Microsoft, along with Google, Apple, Facebook, and Amazon, was recently found to be using human workers to review and transcribe interactions between users and their products, particularly digital voice assistants.
While Google, Facebook, and Apple both announced earlier this month they will temporarily suspend the practice for some recordings, Microsoft has simply updated its privacy policies to disclose and specify that human workers may be listening in to recordings.
“We realised, based on questions raised recently, that we could do a better job specifying that humans sometimes review this content,” a Microsoft spokesperson told tech vertical Motherboard, who first spotted the change in the policies.
Microsoft said the data is stripped of any identifying data before being analysed by contractors who sign non-disclosure agreements.

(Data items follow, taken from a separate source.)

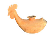 - 津古生掛古墳で出土した鶏の形をした土製品です。トサカが表現されており、雄鳥と考えられます。合計3体の鶏が、墳丘から転げ落ちた状態で出土しました。本来は祭祀に使用され、墳丘上に並べられていたものと考えられます。鶏は夜明けを告げる鳥であり、古墳時代の始まりに造られた津古生掛古墳を象徴するものです。
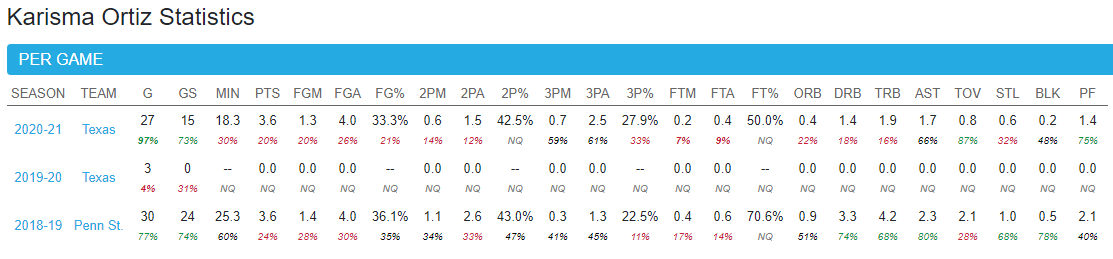 Cal WBB’s transfer pickup, Karisma Ortiz, primarily played off the bench for the Longhorns, playing 18 minutes/game as a low usage ball handler and passer. The fact that she played so many minutes despite iffy shooting would indicate that Texas very much appreciated her ball handling and defense, and sure enough she put up twice as many assists as turnovers on a Texas team that hung their hat on defense (12th in the nation in points allowed/possession):
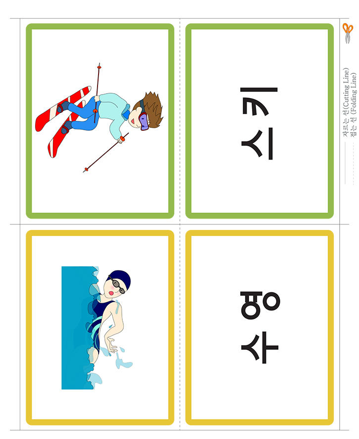 📄 한글 낱말그림카드 B타입_스포츠(스키,수영)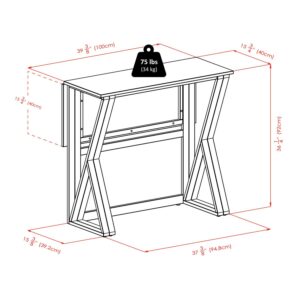 Harrington Drop Leaf High Table is a perfect table for your gathering and dinner. Table features a drop leaf extension with a surface area of 39.37″W x 15.75″D. Table dimension when the drop leaf is down is 39.37″W x 16.59″D x 36.22″H. Fully extended table size is 39.37″W x 31.50″D x 36.22″H. Constructed from solid wood in warm Walnut Finish. Assembly Required.Fully extended table size 39.37″W x 31.50″D x 36.22″H. Table closed 39.37″W x 16.59″D x 36.22″H.Each Drop Leaf has surface area of 39.37″W x 15.75″D. Gate legs to support extended top.Constructed from solid wood in warm Walnut Finish. Assembly Required. This product meets the oversized requirement per UPS/FedEx. The shipping weight reflected is the dimensional weight. This product also meets the large package requirement per UPS/FedEx. The estimated shipping cost will include this fee. Large package is $70.00; applied when length plus girth [(2 x width) + (2 x height)] combined exceeds 130 inches. Additional Handling charge of $10.50 applied where a package’s longest side exceeds 48 inches in length; the second longest side exceeds 30 inches in length; or total weight is greater than 70 lbs.This product meets the oversized requirement per UPS/FedEx. The shipping weight reflected is the dimensional weight. This product also meets the large package requirement per UPS/FedEx. The estimated shipping cost will include this fee. Large package is $70.00; applied when length plus girth [(2 x width) + (2 x height)] combined exceeds 130 inches. Additional Handling charge of $10.50 applied where a package’s longest side exceeds 48 inches in length; the second longest side exceeds 30 inches in length; or total weight is greater than 70 lbs.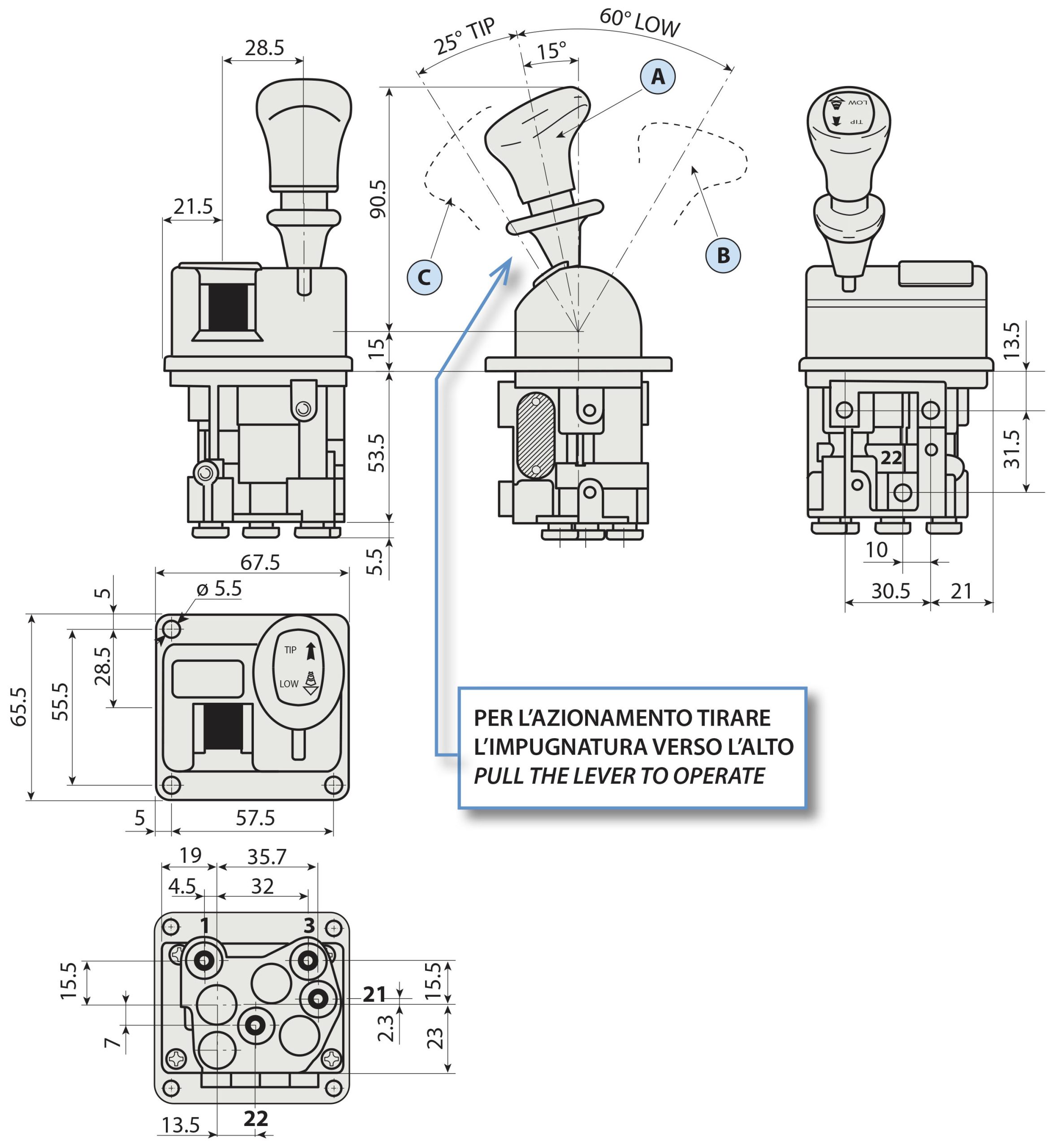 Technical Specifications – IPH Tipping Control Lever

Tech companies maintain the audio is analysed to improve the services they provide.
Long, wordy privacy and data collection policies as well as the “take it or leave it” approach that requires users to agree to policies they likely haven’t read in detail in order to use a service were identified as some of the issues in the Australian Competition and Consumer Commission’s recently released report from the Digital Platforms Inquiry.
“We’re very concerned that current privacy policies offer consumers the illusion of control but instead are almost legal waivers that give digital platforms’ broad discretion about how they can use consumers’ data,” ACCC chairman Rod Sims said.